Life with Teenagers

what is wrong with my hair?

with one comment

The December sunlight streams through the slatted shades. The dog lies curled on his blue blanket. My youngest teen is sitting in the easy chair by the window with a macbook on his lap.

“Mom, it’s going to be $54.95 for more ram. Can I use your credit card?” he asks.

“My wallet is in my black bag,” I say, shifting my slippered feet onto the coffee table and pulling the wool blanket over my legs. The light in the room is exquisite and I don’t feel like moving except to maybe adjust my ball cap one more time and gather all my hair, pulling it through the half moon of the back into one curly ponytail while tightening the strap.My parents matching black wheelie-bag suitcases line up against the white wall. From where I sit, I can see the remains of our breakfast- a half-eaten apple, cherry and cheese pastry ring, and coffee cups still littering the dining table.

“It’s called the Elephant Bar,” says my father sitting in front of the PC on the desk in the dining room.

“Oh, the one we were thinking of was called the Elephant Walk“, I say.

“Yeah, I thought it wasn’t that big of a chain,” says my girlfriend sitting beside me on the couch. “I know there are few in the Boston area, but not Florida.”

“Pat, it’s called the Elephant Bar,” says my father again to my mother as she walks by the computer desk to stand in front of the large wall mirror in the dining room.

“What is wrong with my hair?” she asks the room. “It used to be thick like A’s,” she looks directly at the three of us flopped over the couch and chairs in the other room, “but now its feeling thin all of a sudden.”

“Patty, they have sushi style tuna for Barbara,” my father says again.

I take my ball cap off and let my hair fall in front of my eyes.

“What do you want to do today?” I ask my girlfriend and start listing the possibilities.

“Why don’t we wait until your parents leave,” she says.

“Mom, is the shipping address the same as the billing address? asks my teen.

“Yes,” I say to him.

“And what is the security code?” he asks.

My girlfriend gets up off the couch to show him the back of the credit card. I grab all of my hair in one fist and hold it above my head.

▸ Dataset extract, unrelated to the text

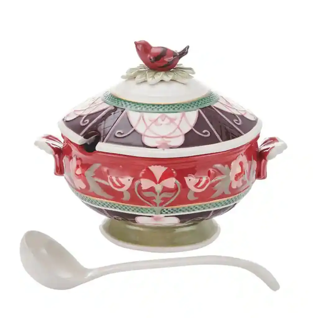 This stunning Tureen with Ladle by Fitz and Floyd brings seasonal spirit to all your gatherings. Crafted of earthenware, this elegant serving piece in a prism of red, green, pink, maroon, and white has convenient handles, a white ladle to scoop out and serve the contents to guests, and a lid with a red bird figurine accent and a notch to keep the ladle in place when not in use. Generously sized, this tureen is great or serving gravy, sauces, soups, chili, and more. Tureen measures 12-1/2 inches length by 10-inches width by 9-1/2 inches height and a 3 quart capacity; Ladle measures 11-1/2 inches length x 3-1/4 inches wide. Hand-washing recommended to prolong the life of the product.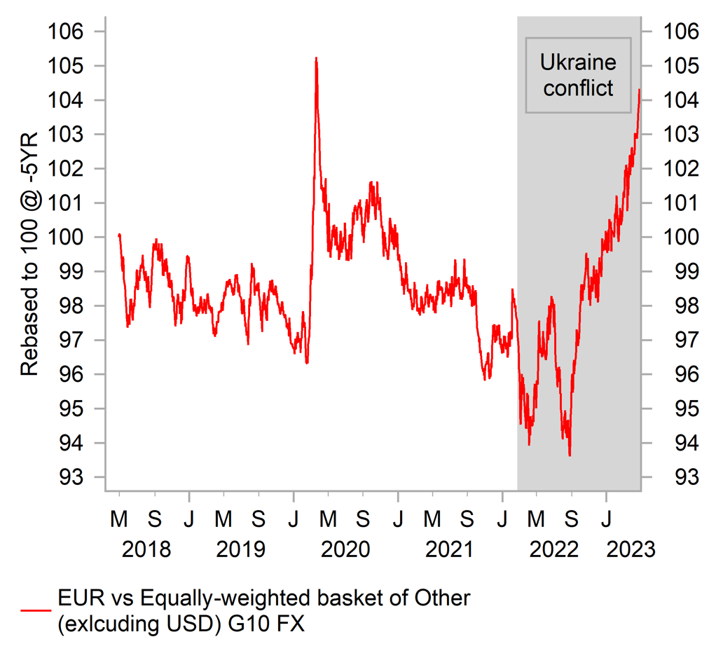 The EUR has continued to outperform over the past week ahead of the ECB’s upcoming policy meeting next week. The EUR alongside the GBP and CHF have been one of the three best performing G10 currencies of so far this year. Over the past week, the EUR hit fresh year to date highs against the USD, JPY, AUD, NZD, NOK and CAD. It has resulted in the EUR rising to its highest level against our equally-weighted of other G10 currencies since the peak of the COVID crisis in March 2020. The EUR has now strengthened significantly by around 11.5% on average against other G10 currencies since the low point in August of last year when the negative impact of the Ukraine conflict/terms of trade shock weighed down heavily on the EUR. Recent price action highlights the EUR still has strong upward momentum giving us confidence that it will continue to strengthen further in the near-term.

“I need to get this hair cut,” I say. “Maybe I should call the salon and see if Anthony can fit me in today.” I get up off the couch and take the cordless phone with me on the way to the bathroom. I put the phone down on the sink and peer into the bathroom mirror at my roots.

“Oh my god. Look at these roots!” I say.

I grab a swath of hair from my head and hold it in the air while returning to the bright light of the dining room again, passing my parents still huddled over the restaurant menu displayed on the computer monitor.

“Will you look at this hair?” I ask my girlfriend, bending over the couch with a fistful held high so she can see.

“Wow,” she says. “It’s a straight line.”

“I’d be completely white if I didn’t color this hair.”

“What’s wrong with that? asks my white-haired smirking father from the computer desk.

“I’m too young for this,” I reply disgusted and flop back down on the couch. I let go of my hair again and let it fall around my face and into my eyes in a tangle.

“You look just like you did when you were a little girl and you just woke up,” says my mother joining the conversation.
And to my girlfriend she turns and says, eyeing my feet that are now back on the coffee table “Do you like her slippers?”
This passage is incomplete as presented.